What you are asked to do -
In the material below, the lines to reproduce exactly are the one containing "Elegante y moderna" and all lines after it through the last.

==========

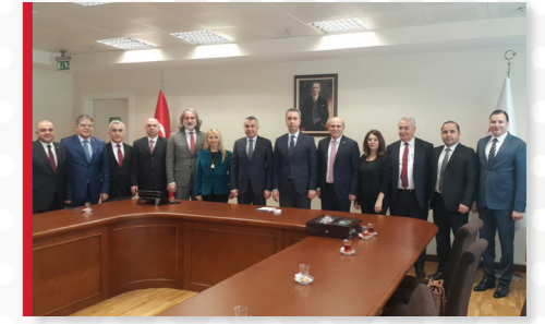
Gelir İdaresi Başkanımız Sayın Bekir BAYRAKDAR'a Ziyaretimiz
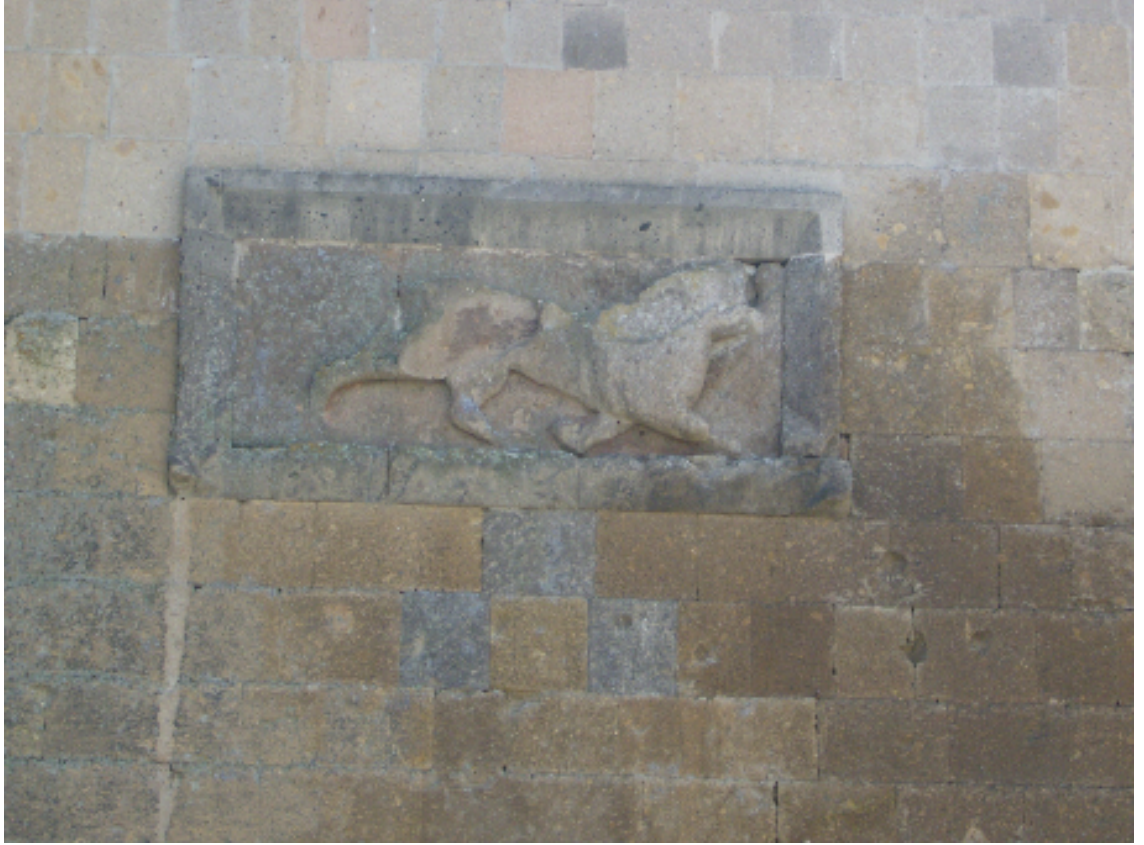
Resim 1: Aslanlı Kapı'ya Adını Veren Aslan Kabartması
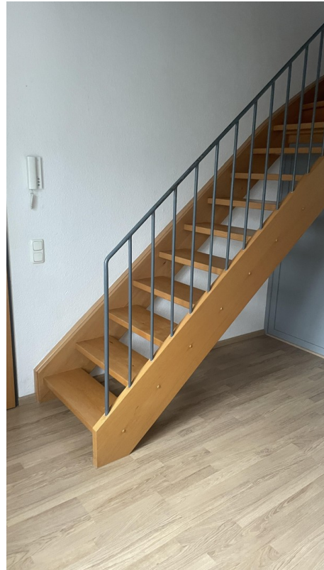
Treppe zum Dachgeschoss
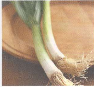
กระเทียม garlic
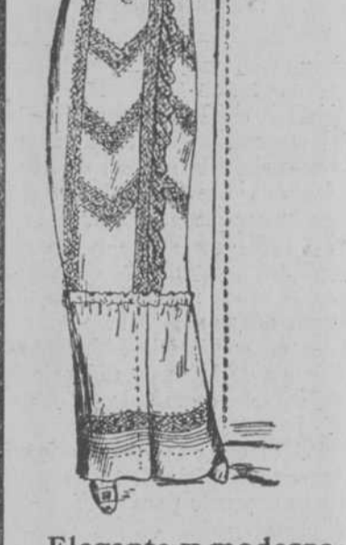
Elegante y moderna Bata de nansu frances y finos encajes. UN CENTEN

La única casa en la Habana dedicada EXCLUSIVAMENTE a confecciones para señoras y niños. Surtidos enormes. Precios reducidos.

==========

Solution below -
Elegante y moderna Bata de nansu frances y finos encajes. UN CENTEN

La única casa en la Habana dedicada EXCLUSIVAMENTE a confecciones para señoras y niños. Surtidos enormes. Precios reducidos.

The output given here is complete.